# PROBLEM
Locate, in the data below, the line that contains "Artemide lighting, table" and the line that contains "Com CRM estruturado"; reproduce exactly those two lines and every line between them, nothing more.

# MATERIAL PROVIDED
┄┄┄┄┄┄
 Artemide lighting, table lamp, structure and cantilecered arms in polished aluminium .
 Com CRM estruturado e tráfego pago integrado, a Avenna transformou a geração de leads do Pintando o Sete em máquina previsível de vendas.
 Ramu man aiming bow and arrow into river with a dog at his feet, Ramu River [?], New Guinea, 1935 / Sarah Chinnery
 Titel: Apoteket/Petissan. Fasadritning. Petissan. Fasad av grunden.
┄┄┄┄┄┄
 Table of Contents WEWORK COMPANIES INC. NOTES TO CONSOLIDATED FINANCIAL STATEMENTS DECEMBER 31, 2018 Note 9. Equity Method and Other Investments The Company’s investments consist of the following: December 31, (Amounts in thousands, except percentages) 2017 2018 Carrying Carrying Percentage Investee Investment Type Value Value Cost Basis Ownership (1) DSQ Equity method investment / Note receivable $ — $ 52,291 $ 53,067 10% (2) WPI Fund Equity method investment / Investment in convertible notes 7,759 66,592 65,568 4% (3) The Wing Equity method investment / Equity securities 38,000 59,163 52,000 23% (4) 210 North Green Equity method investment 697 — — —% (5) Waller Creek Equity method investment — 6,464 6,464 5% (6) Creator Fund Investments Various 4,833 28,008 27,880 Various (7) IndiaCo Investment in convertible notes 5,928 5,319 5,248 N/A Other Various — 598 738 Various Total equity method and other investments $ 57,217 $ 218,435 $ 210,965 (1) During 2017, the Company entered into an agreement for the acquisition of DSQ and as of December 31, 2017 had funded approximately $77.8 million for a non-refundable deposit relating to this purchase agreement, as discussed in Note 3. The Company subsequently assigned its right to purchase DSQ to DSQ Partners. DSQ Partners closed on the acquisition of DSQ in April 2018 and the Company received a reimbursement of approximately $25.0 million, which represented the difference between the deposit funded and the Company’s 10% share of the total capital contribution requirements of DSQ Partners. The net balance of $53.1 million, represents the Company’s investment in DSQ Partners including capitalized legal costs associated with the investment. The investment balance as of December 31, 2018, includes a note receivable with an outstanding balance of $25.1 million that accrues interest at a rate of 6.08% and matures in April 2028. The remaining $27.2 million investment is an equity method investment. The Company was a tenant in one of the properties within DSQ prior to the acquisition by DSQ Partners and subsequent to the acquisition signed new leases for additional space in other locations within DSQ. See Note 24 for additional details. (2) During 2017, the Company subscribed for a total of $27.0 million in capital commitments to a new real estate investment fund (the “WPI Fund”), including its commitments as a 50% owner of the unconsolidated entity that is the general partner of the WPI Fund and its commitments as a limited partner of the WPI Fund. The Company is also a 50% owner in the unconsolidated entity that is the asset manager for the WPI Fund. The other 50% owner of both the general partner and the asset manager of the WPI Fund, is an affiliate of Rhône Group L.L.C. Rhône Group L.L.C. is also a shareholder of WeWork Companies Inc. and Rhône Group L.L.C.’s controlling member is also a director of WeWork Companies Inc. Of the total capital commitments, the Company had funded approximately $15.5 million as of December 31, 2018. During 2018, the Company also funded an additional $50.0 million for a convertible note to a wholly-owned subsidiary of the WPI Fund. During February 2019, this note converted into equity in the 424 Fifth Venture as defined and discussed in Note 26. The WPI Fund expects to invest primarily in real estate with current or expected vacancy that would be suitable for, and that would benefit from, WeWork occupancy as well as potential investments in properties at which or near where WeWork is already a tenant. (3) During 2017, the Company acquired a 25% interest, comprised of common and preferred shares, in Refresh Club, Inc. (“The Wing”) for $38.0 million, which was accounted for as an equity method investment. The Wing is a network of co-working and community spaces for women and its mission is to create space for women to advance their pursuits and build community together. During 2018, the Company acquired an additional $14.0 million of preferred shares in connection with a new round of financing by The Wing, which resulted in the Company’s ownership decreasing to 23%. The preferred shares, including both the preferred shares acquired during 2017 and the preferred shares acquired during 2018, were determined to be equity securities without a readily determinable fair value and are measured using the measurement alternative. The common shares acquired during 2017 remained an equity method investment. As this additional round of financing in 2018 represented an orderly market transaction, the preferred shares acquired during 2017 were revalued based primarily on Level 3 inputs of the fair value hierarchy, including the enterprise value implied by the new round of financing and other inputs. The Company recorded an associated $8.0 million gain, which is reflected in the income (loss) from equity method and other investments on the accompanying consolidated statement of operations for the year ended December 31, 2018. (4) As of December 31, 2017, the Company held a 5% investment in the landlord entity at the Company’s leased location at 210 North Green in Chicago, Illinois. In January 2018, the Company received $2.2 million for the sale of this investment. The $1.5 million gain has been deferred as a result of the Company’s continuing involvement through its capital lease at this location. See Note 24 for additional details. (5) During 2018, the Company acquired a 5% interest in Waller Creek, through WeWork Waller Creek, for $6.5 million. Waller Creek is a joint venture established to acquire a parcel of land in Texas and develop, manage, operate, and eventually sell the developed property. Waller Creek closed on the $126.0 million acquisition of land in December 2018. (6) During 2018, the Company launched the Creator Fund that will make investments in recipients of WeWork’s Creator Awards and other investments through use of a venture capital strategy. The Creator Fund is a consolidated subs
┄┄┄┄┄┄
# YOUR RESPONSE
 Artemide lighting, table lamp, structure and cantilecered arms in polished aluminium .
 Com CRM estruturado e tráfego pago integrado, a Avenna transformou a geração de leads do Pintando o Sete em máquina previsível de vendas.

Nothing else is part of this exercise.